* _YOUR OBJECTIVE_
Exact copy, no pictures: every line from the one that contains "Ce magnifique bouquet" through the end of the data below, and nothing else.

==== RECORDED DATA

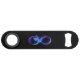 Glowing, purple infinity symbole with flying, luminous, blue hummingbird on black background. Néon.
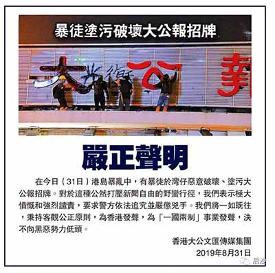 《大公报》招牌被涂污,加上之前《环球时报》记者付国豪机场被围殴,暴徒的针对性非常强,只要不符合“民主斗士”心意的声音一律不得在香港出现。
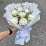 Ce magnifique bouquet de roses blanches est composé avec soin pour créer une ambiance sereine et raffinée. La fraîcheur des roses blanches se distingue par leur charme naturel, tandis que l'emballage minimaliste lui confère une allure épurée et élégante. Idéal pour les anniversaires, les marques d'affection, les excuses ou les moments où les mots manquent, ce bouquet exprime la beauté dans la simplicité. 7 roses blanches fraîches – Symboles de pureté, de paix et de sincérité, soigneusement sélectionnées pour un rendu élégant et raffiné. 2 feuilles de papier d'emballage de qualité supérieure – Délicatement superposées pour sublimer l'aspect doux et raffiné du bouquet. 1 ruban élégant – Noué avec délicatesse pour une finition charmante. Largeur : 20 cm – Un design compact et harmonieux. Hauteur : 35 cm – Une hauteur idéale pour une allure gracieuse et présentable.
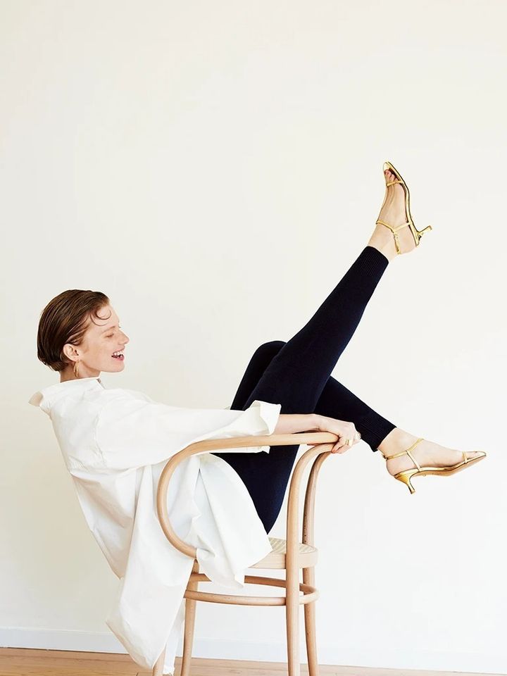 サンダルははきまわし。 ほっそりとしたスキニーパンツの先にアクセ代わりのゴールドを。脚線の中で一番細いポイントに光を集めることで、下手に盛らずとも細さをアピールできる。ぴったりしたすそから足先までのよどみのない直線シルエットも、細ストラップのサンダルならでは。

========

* _ANSWER SECTION_
 Ce magnifique bouquet de roses blanches est composé avec soin pour créer une ambiance sereine et raffinée. La fraîcheur des roses blanches se distingue par leur charme naturel, tandis que l'emballage minimaliste lui confère une allure épurée et élégante. Idéal pour les anniversaires, les marques d'affection, les excuses ou les moments où les mots manquent, ce bouquet exprime la beauté dans la simplicité. 7 roses blanches fraîches – Symboles de pureté, de paix et de sincérité, soigneusement sélectionnées pour un rendu élégant et raffiné. 2 feuilles de papier d'emballage de qualité supérieure – Délicatement superposées pour sublimer l'aspect doux et raffiné du bouquet. 1 ruban élégant – Noué avec délicatesse pour une finition charmante. Largeur : 20 cm – Un design compact et harmonieux. Hauteur : 35 cm – Une hauteur idéale pour une allure gracieuse et présentable.
 サンダルははきまわし。 ほっそりとしたスキニーパンツの先にアクセ代わりのゴールドを。脚線の中で一番細いポイントに光を集めることで、下手に盛らずとも細さをアピールできる。ぴったりしたすそから足先までのよどみのない直線シルエットも、細ストラップのサンダルならでは。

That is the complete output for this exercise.